There is an important difference between what Biden is proposing now and the public option considered in 2010. The 2010 public option would have been relevant for only the relatively small percentage of the people buying insurance in the exchanges, currently estimated to be about 8 million, and 90% of the insured population would not have been affected.

The current Biden public option plan differs fundamentally from the 2010 plan in that everyone would have a choice to purchase a public insurance option like Medicare, and the subsidies would be more generous than under the ACA. The Biden plan proposes to reduce costs by “negotiating” lower prices from hospitals and other healthcare providers just as Medicare does.

The term negotiating is in quotes here because Medicare does not negotiate prices. Rather, it sets them administratively, and hospitals and physicians can either accept the lower prices set by the government or not participate in the program. Most politicians prefer to say “government should negotiate lower prices” because it sounds better than “government should set the prices administratively,” even though the U.S. Department of Health & Human Services (HHS) actually has never negotiated prices and has no experience doing so.

Other proposed plans

There is no room for private insurance in the Medicare for All plan introduced by Sen.
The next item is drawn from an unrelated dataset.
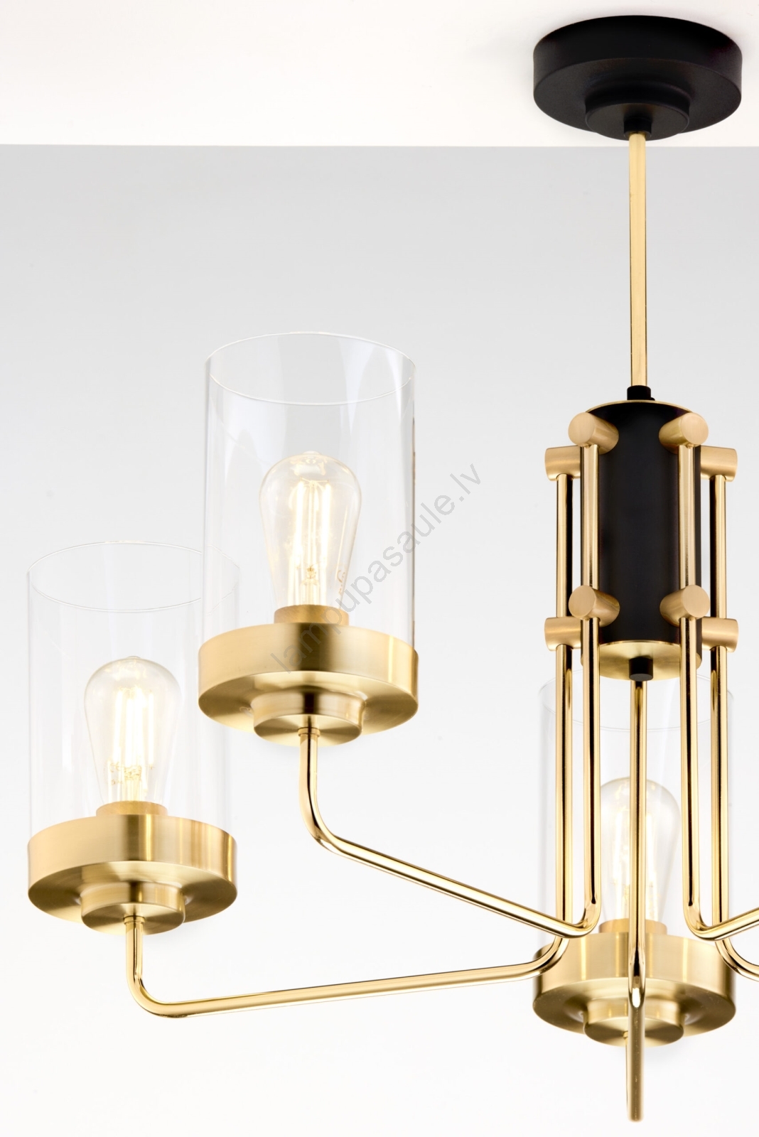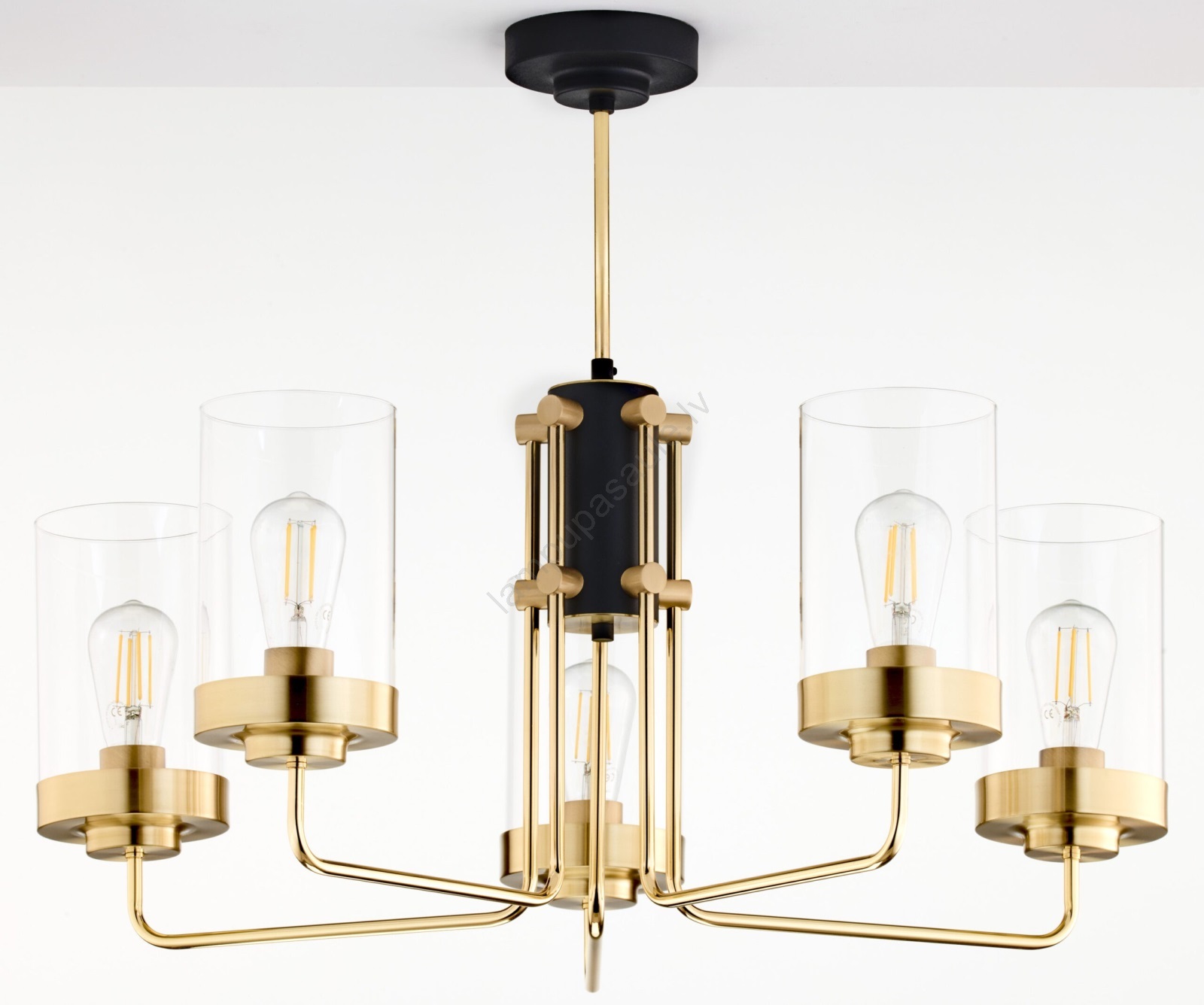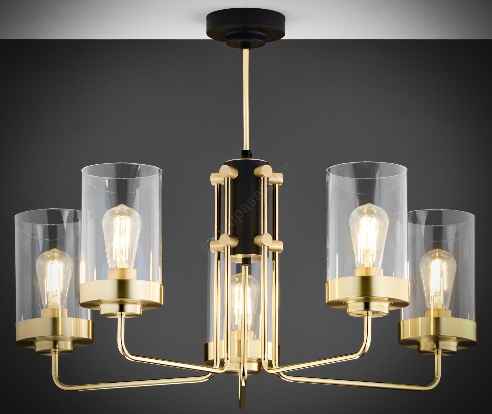 Jupiter 2088 - Griestu lustrs ar stieni RAMIREZ 5xE27/15W/230V zelta/melna izceļas ar jauku un funkcionālu dizainu.  Spuldze ar E27 cokolu irpiemērota lampai. Šeit, varat iegādāties citas spuldzes par izdevīgām cenām. Tā būs interesants jūsu mājas papildinājums.

Bernie Sanders (I-Vt.) in April. His plan provides comprehensive healthcare to everyone without any out-of-pocket expense, and it includes physician and hospital care; long-term care; dental, hearing and vision care; and prescription drugs. Although estimated to cost as much as $32 trillion over 10 years, it does not have a specific financing proposal attached to it. Because Sanders has previously backed significantly higher taxes on wealthier individuals and businesses, this approach is presumably how he would pay for the expanded plan.

Elizabeth Warren (D-Mass.) also made her position clear during the June debates: She suggests private insurance should be banned and all Americans should get their health insurance from the government.

The compatibility of a public option with availability of private insurance

Whether a public option that is open to anyone with employer-sponsored or individual coverage is compatible with the continued availability of private insurance is debatable. Some observers of the insurance industry argue that the use of government power to set lower prices would make it impossible for private insurance to compete with a government plan; it eventually would drive private plans out of business. This argument seems inconsistent with the proven success of Medicare Advantage (MA) in competing with the traditional Medicare program, given that MA enables private plans to make Medicare offerings available, frequently with supplemental benefits provided at an additional cost.

Of course, presidents only propose policies. It’s the Congress that passes the legislation that turns these policies into legislation. It’s hard for me to imagine any Congress going so far as to directly outlaw private insurance. But passing legislation that may ultimately undermine private insurance is another matter.